There was a jump in senior leaders too, though, and Schulman said while there are a plethora of potential reasons for the increase in this category, important context to remember is the transition of presidential administrations and in late 2020 the Homeland Security Department at-large had a variety of senior leaders, such as the secretary and deputy, in acting roles.
“No matter how experienced or talented acting officials are, they create challenges for agency effectiveness, planning and relationships,” she said. “Whereas in late 2021, DHS had confirmed officials in many senior leadership roles.”
As for the overall “effective leadership” category, the office scored a 70.9 and due to a slight change in methodology for this category, that can’t be directly compared to the office’s score of 57.8 from 2020, but “it is still very fair to notice that it did have an improvement,” Schulman said.
New categories for 2021 were “performance: work unit” (90.8); “performance: agency” (79.2); and “COVID: return to the office” (58.4).

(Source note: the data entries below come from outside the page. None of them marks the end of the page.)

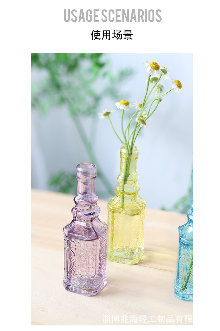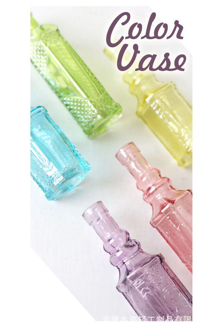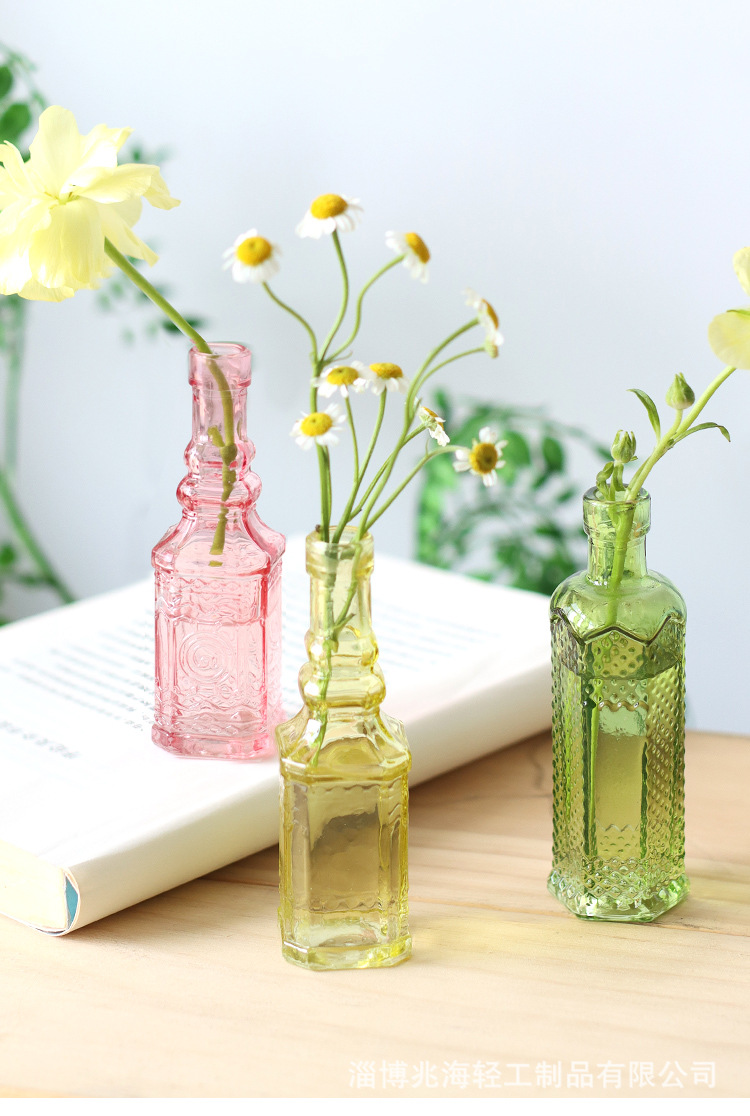 국경 간 복고풍 양각 프랑스 유리 탁상 미니 꽃병 컬러 인 하이 엔드 사진 소품 장식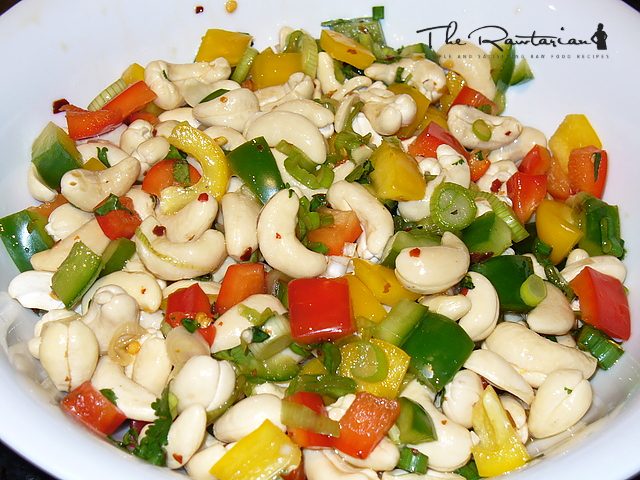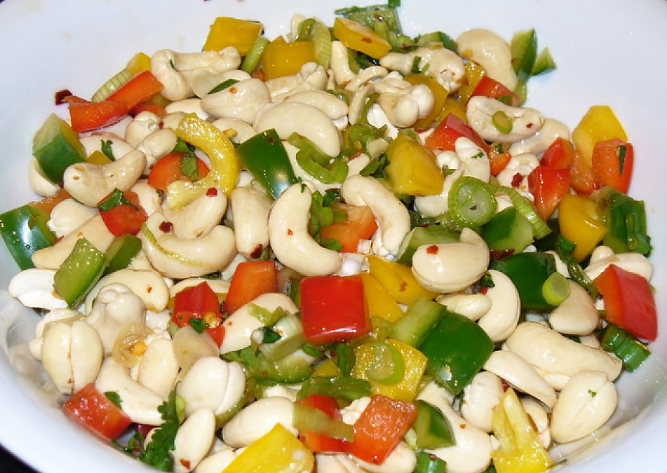 Soak cashews six hours or overnight, then rinse and drain. Add chopped red, yellow and green peppers, green onions and either dried or chopped fresh chili pepper (without the seeds for a milder salad to taste). Finish with fresh squeezed lime juice, Braggs Aminos (or Shoyu) and chopped fresh cilantro.
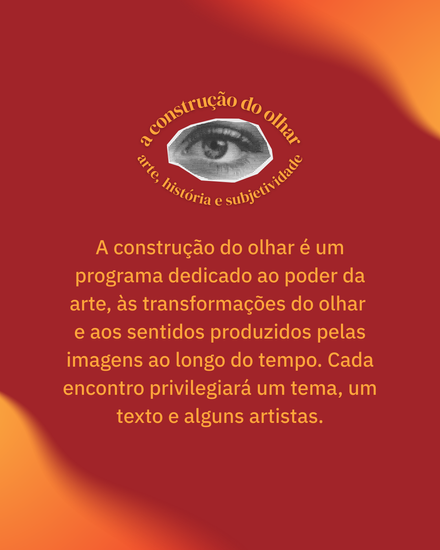 A construção do olhar é um programa dedicado ao poder da arte, às transformações do olhar e aos sentidos produzidos pelas imagens ao longo do tempo. cada encontro privilegiará um tema, um texto e alguns artistas.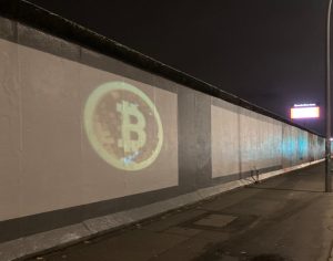 (O Bitcoin B no Muro de Berlim. Fonte: Twitter)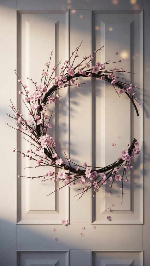Cherry blossoms bloom briefly but make a statement. Arrange faux branches in an asymmetric crescent rather than a full circle—it feels more artistic. Secure with floral wire at key points. This modern take costs $15-20 and suits minimalist homes. The open design won’t overwhelm small doors.

The only area in which the office had a decrease in scores was on “pay,” which went from 79.2 to 73.8.
Schulman said the results for the IG office are statistically significant and noted that the Partnership only puts individual agency profiles on its website if they are.
DHS IG Joseph Cuffari praised his workforce for their Federal Employee Viewpoint Survey and Partnership scores in a congressional bulletin sent out on July 28 and made public on the IG’s website. “I am proud of our DHS OIG workforce and their collaborative efforts to achieve our mission,” he wrote. “Thank you for your interest in our work as we continue to uphold the highest standards of quality and integrity—our mission is more critical than ever.”

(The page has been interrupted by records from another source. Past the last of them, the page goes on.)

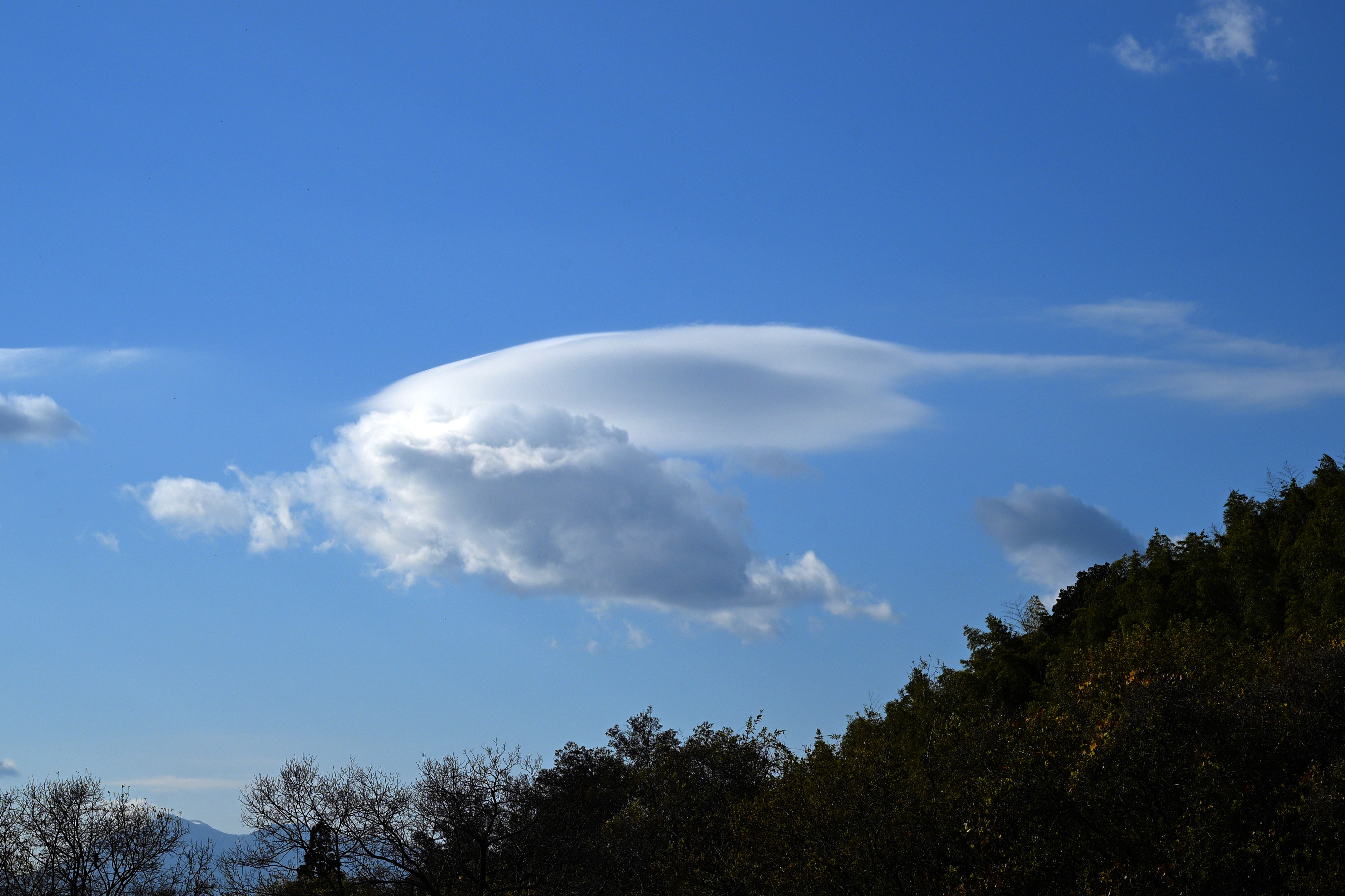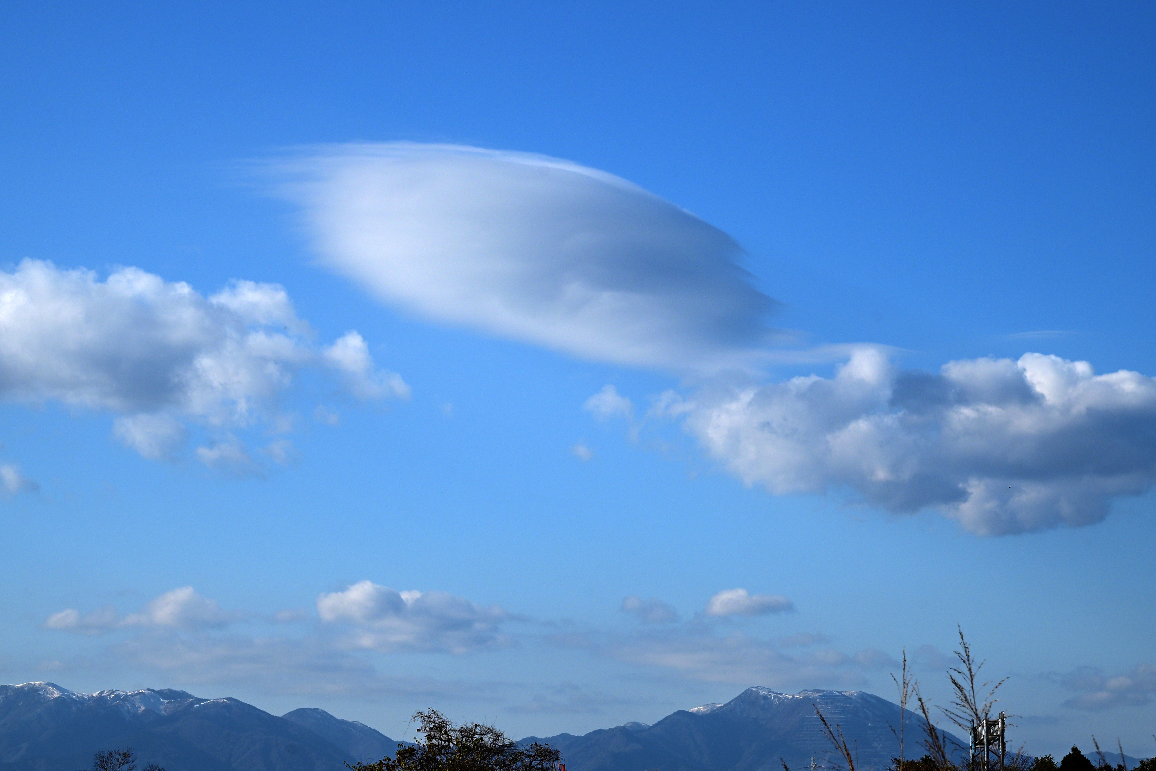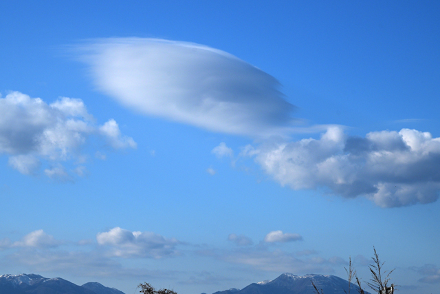 | 「積雲の上に生じるレンズ雲とずきん雲」(桑名市) | |||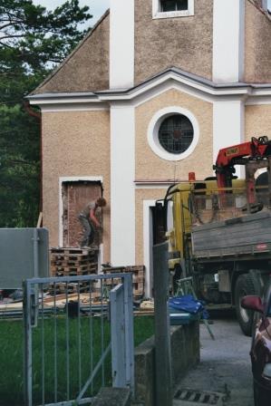 Die Fassade der Kirche ist in die Jahre gekommen. Die Kirche wird mit Hilfe vieler verschiedener Baufirmen außen komplett saniert. Auch Turmkreuz, Turmblech, Turmuhr und Dach werden überholt. Am 30. Oktober hält Bischofsvikar Rühringer eine Festmesse zum Abschluss der Außenrenovierung ab.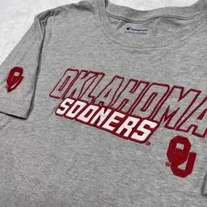Showcase your team spirit with this classic Champion Oklahoma Sooners tee, featuring bold embroidered lettering and iconic logo details on the sleeves. Crafted from a soft cotton-viscose blend, this heathered grey shirt offers a comfortable, breathable fit that's perfect for any fan. The high-quality embroidery adds a premium touch that stands out from standard screen-printed gear. Ideal for game days at the stadium, casual campus wear, or relaxing at home during the big game.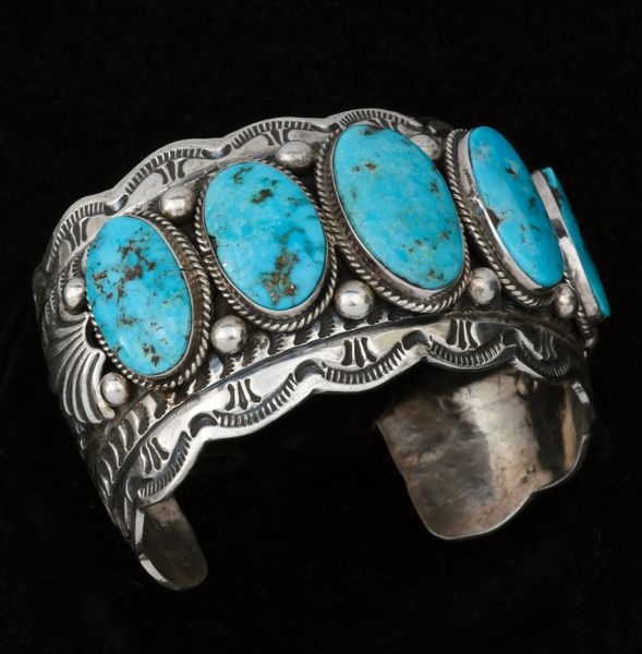 Wide intricately stamped Navajo row cuff with five Kingman turquoise stones by Marcella James. 1461 Very well made.

He also noted that the office has made “sustained progress” to implement 21 recommendations the Government Accountability Office issued in June 2021 in a report about vast management and operational problems at the office from at least fiscal 2015 and 2020.
“At this point in time we have submitted eight recommendations to GAO for closure and so far they have closed one,” Cuffari wrote. “GAO has indicated they plan to keep some recommendations open to monitor long-term implementation.” The closed recommendation was on guidance to ensure the office’s work adheres to federal IG standards.

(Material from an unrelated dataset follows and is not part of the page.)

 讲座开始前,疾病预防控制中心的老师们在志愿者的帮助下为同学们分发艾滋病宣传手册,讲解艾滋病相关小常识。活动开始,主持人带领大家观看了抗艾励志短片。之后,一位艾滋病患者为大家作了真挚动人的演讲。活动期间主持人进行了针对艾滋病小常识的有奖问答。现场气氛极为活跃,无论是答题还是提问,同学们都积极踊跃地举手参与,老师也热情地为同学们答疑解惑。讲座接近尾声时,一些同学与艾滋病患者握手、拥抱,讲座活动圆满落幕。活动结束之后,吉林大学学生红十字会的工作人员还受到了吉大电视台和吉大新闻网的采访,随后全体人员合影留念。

The DHS IG office did not respond with additional comment on the Partnership’s results.
OPM administered the viewpoint survey over a five-week period in November and December 2021, over a year after the IG engaged a law firm to review the conduct of three, now-departed senior employees who were reportedly found to have undermined the IG and about seven months after the Project on Government Oversight alleged in a report that Cuffari quashed probes related to the Trump administration.
The survey was also administered after the office underwent an organizational review, offices of innovation and integrity were created and an “annual performance plan for fiscal 2022 was established, “which includes specific strategies and performance indicators to drive change and measure success,” Cuffari outlined the strategies in his prepared remarks for a budget hearing in April.
But the survey came before the onslaught of negative reporting on the IG starting in the spring of 2022 after the Project on Government Oversight alleged the office delayed and suppressed reports about sexual assault and domestic violence and continuing this summer regarding alleged mishandling of investigations into Jan. 6. The office is reportedly being investigated by an IG council, and during a briefing on Aug. 5, White House Press Secretary Karine Jean-Pierre said the office’s role in Jan. 6 probes is “being investigated.” The office has pushed back on virtually all of the allegations.